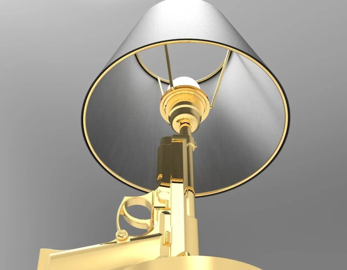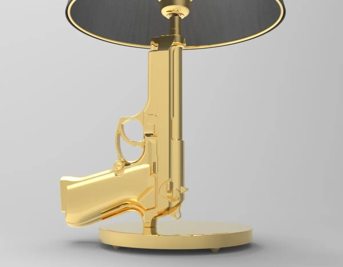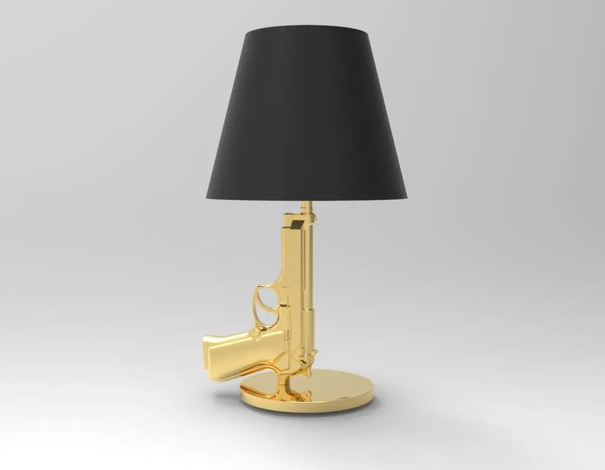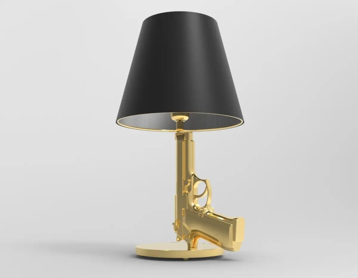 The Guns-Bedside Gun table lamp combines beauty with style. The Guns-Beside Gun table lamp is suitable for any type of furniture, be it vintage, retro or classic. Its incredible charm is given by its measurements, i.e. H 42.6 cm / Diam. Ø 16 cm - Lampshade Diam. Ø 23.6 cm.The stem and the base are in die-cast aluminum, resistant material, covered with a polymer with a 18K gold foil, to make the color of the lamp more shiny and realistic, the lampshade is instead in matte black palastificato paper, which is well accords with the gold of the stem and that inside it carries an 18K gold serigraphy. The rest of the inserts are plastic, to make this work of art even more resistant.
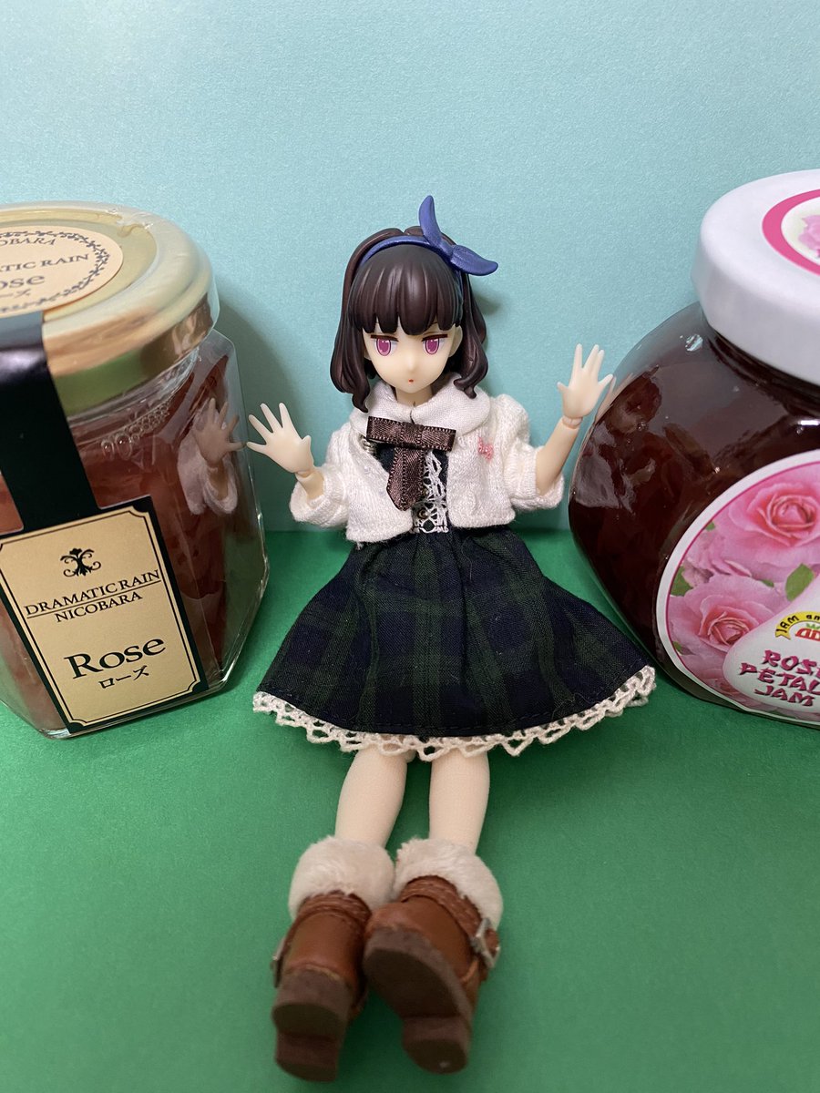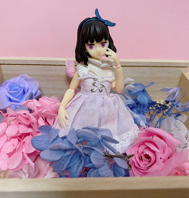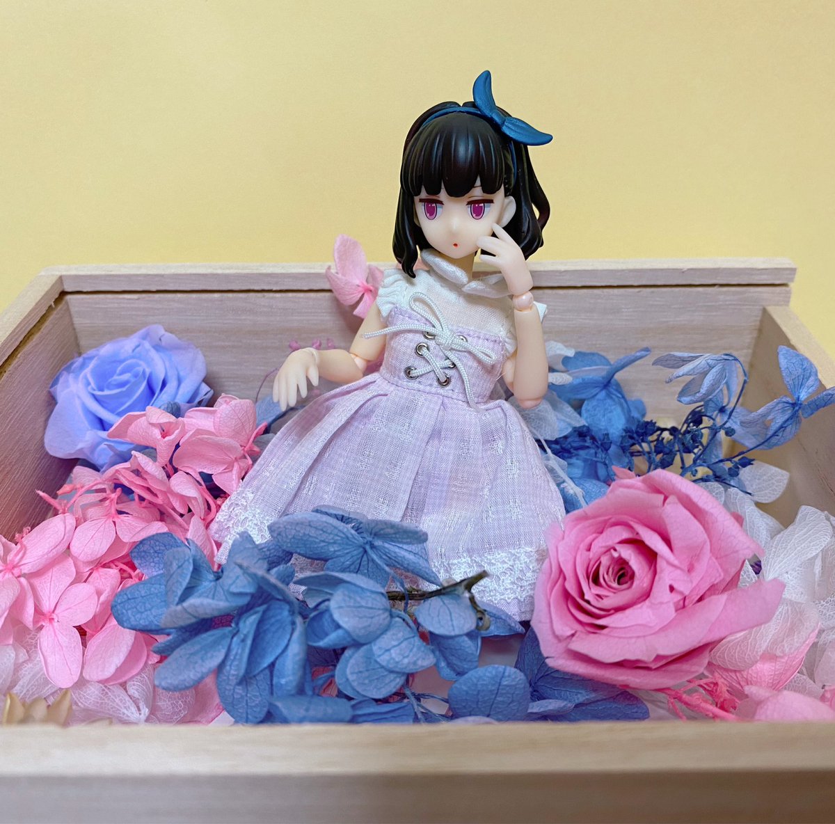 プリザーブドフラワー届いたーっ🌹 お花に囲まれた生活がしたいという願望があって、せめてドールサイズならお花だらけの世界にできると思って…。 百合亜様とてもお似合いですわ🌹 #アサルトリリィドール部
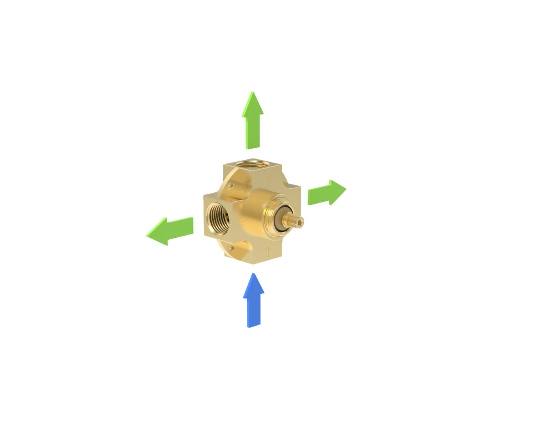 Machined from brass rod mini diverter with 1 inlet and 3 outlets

━━━━━━━━━━━━━━━━━━━━━━━━━━━━━━

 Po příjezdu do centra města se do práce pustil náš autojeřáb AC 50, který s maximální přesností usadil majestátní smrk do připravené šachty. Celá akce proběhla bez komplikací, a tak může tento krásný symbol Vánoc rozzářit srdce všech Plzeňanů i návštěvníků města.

━━━━━━━━━━━━━━━━━━━━━━━━━━━━━━

### What is expected:
An exact copy is needed. It runs from the line above containing "The Guns-Bedside Gun" down to the line containing "Machined from brass", both included, with no pictures.

### Completed exercise:
 The Guns-Bedside Gun table lamp combines beauty with style. The Guns-Beside Gun table lamp is suitable for any type of furniture, be it vintage, retro or classic. Its incredible charm is given by its measurements, i.e. H 42.6 cm / Diam. Ø 16 cm - Lampshade Diam. Ø 23.6 cm.The stem and the base are in die-cast aluminum, resistant material, covered with a polymer with a 18K gold foil, to make the color of the lamp more shiny and realistic, the lampshade is instead in matte black palastificato paper, which is well accords with the gold of the stem and that inside it carries an 18K gold serigraphy. The rest of the inserts are plastic, to make this work of art even more resistant.
 プリザーブドフラワー届いたーっ🌹 お花に囲まれた生活がしたいという願望があって、せめてドールサイズならお花だらけの世界にできると思って…。 百合亜様とてもお似合いですわ🌹 #アサルトリリィドール部
 Machined from brass rod mini diverter with 1 inlet and 3 outlets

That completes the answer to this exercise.